By: Denise M. Champagne//September 12, 2014
By: Denise M. Champagne//September 12, 2014//
Technology has brought data storage a long way from putting papers in a folder and locking them in a file cabinet. Not only is there much more information to store today, but so many different places to put it and so many potential pitfalls along the way.
To help guide attorneys from falling between the cracks, a seminar on “Ethics and Social Media in Commercial Cases” was presented Wednesday by the Monroe County Bar Association and the New York State Bar Association’s Commercial and Federal Litigation Section.
Among the risks, according to attorney Adrian Dayton, founder of ClearView Social in Amherst, is putting too much information in an introduction such as saying you work for the largest energy company in the city which, with little research, is easy to figure out, inadvertently identifying the company.
Other risks include unintentionally creating an online attorney-client relationship through casual communication and inadvertently identifying a client by tweeting out you just got back from a particular court on a major case.
“Don’t say stupid things online,” he advised, relating a story about a lawyer who was fired after expressing hatred toward her client on Facebook, saying she would not identify the well-known company, but saying a word that rhymed with its name, making it easy for anyone who read the post to identify the client.
Dayton founded ClearView Social as a social media sharing and analytics application for law firms, allowing attorneys to more easily share content with their professional networks through various platforms such as Twitter and LinkedIn.
Brighton attorney Nicole Black, author of “Cloud Computing for Lawyers,” advises firms to have a social media policy in place to guide employees and avoid confusion.
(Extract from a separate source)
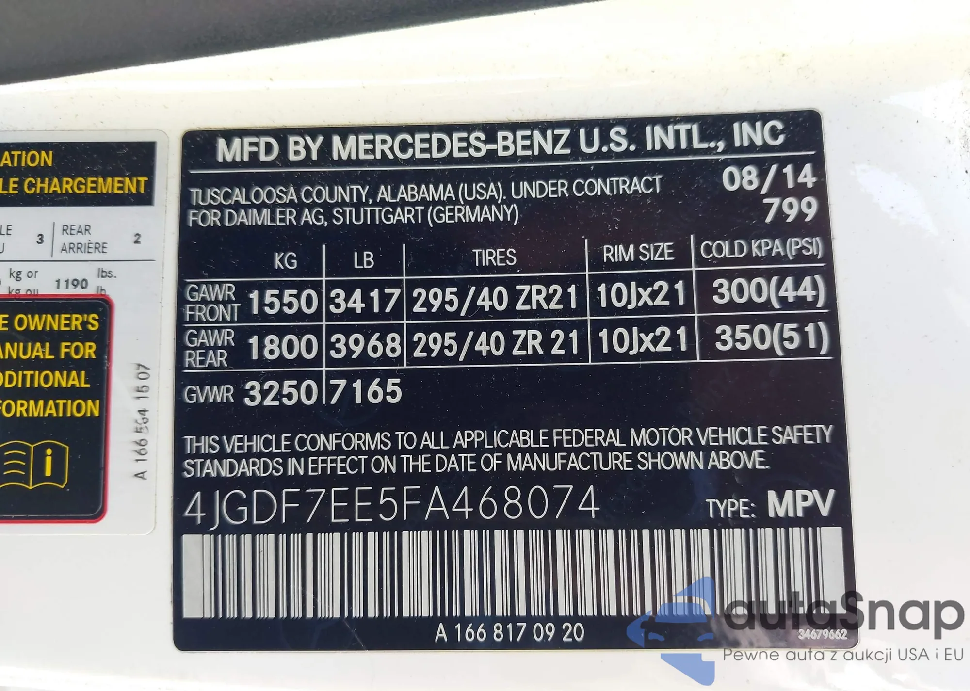 VIN: 4JGDF7EE5FA468074

She is also director of business development and community relations at MyCase Inc., Web-based practice management software for lawyers; and a columnist for The Daily Record.
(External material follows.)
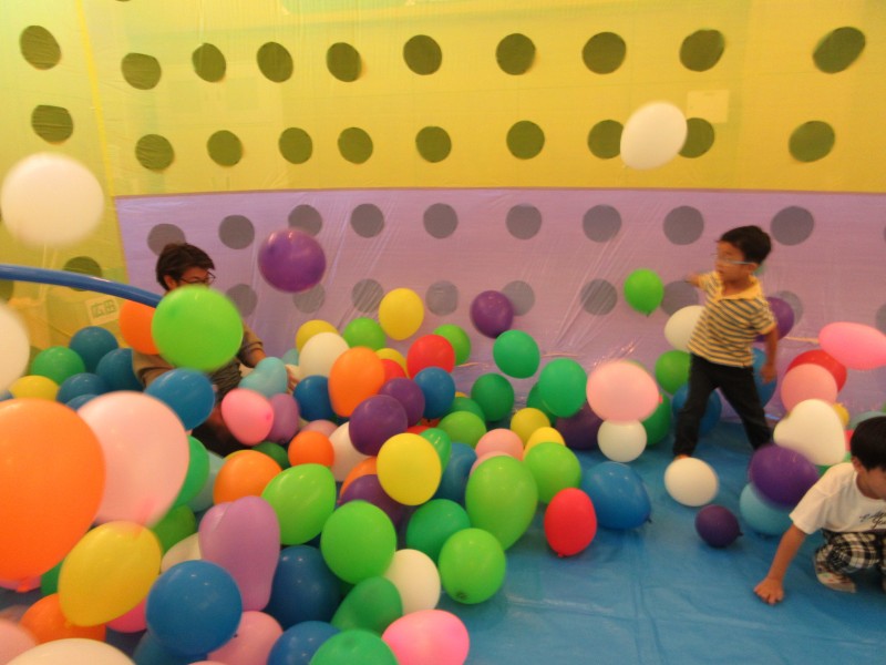 風船でいっぱいの風船ドームは、みんなの笑顔でいっぱいになりました 😀

The panel was co-moderated by Pittsford attorney Scott L. Malouf, also a Daily Record columnist, who also chaired the seminar, and Supreme Court Justice Matthew A. Rosenbaum, assigned to the Commercial Part, who also participated on the panel.
Topics included marketing; investigations involving parties, nonparties and jurors; judicial perspectives; and common technologies.
Malouf asked about attorney research, using information available on public websites.
Black said it is OK to use what is publically available, but cautioned about using information from sites where one has to connect with someone to see what is behind the firewall, such as “friending” someone on Facebook. She also advised against deceptive tactics, saying if you send a friend request or make contact on other sites, be honest with the recipient about why you are making contact.
“What about researching jurors?” Malouf asked.
Black said various ethics opinions say this is OK too with one exception — passive notification in which the contacted site reveals your identity to the juror. She suggests changing personal settings to anonymous.
Peter Coons, senior vice president, professional consulting group D4 LLC in Rochester, said technology provides an amazing ability to research jurors, whereas in the past, firms may have hired private investigators.
As an example, he said a juror may indicate they are an animal lover, allowing attorneys to adapt that information in their questions and analysis of prospective jurors.
Facebook posts have also been used in trials, but Coons said the caution there is the account owner may deny setting it up and say someone else used his or her name to create the site.
Judge Rosenbaum said he has never had a colleague say they had a problem with attorneys looking at jurors’ information, but added the average age of area Supreme Court justices is 61 and not many actively use the popular platforms.
He said he does not have a problem with attorneys researching to find the best information to help their clients, as long as they stay within ethical boundaries.
Malouf asked if one party does online research and the other does not, does the first party have to share with the second? The general consensus is both parties have access, whether it is their own or using courtroom Wi-Fi, so it is up to each party to exercise due diligence.
Judge Rosenbaum said the issues are different when it comes to jurors and that he repeatedly advises them not to research or relate case-related information online. He said any issues regarding jurors discussing facts of the case, parties or issues needs to be brought to the attention of the court.
Coons talked about how online research and comments by clients can backfire.
He said there was a verdict in a Florida age-discrimination case involving a prevailing school headmaster whose daughter violated a confidential settlement agreement by posting comments online, saying her European summer vacation was on the school and to “suck it.” The school appealed and the headmaster lost $80,000 of the settlement.
Coons also warned attorneys about accessing confidential documents on public networks or free cloud services, saying it leaves the door open to being hacked.
“I think you just need to be really careful about what you put up there,” he said. Black agreed, but said storing information in the cloud is not that different than sending closed case files to offsite storage facilities or leaving files on a desk where they may be viewed by the cleaning crew.
She added attorneys need to exercise due diligence.
Someone from the audience of about 40 people asked if it is wrong to advise a client to remove things from their online sites, bringing up preservation and spoliation issues, which are also addressed in the NYSBA publication “Social Media Ethics Guidelines,” published by the Commercial and Federal Litigation Section, available at www.nysba.org.
The section’s chair-elect, Mark A. Berman, introduced the speakers. He said the goal is to bring programs upstate more often, including a bench-and-bar forum this fall.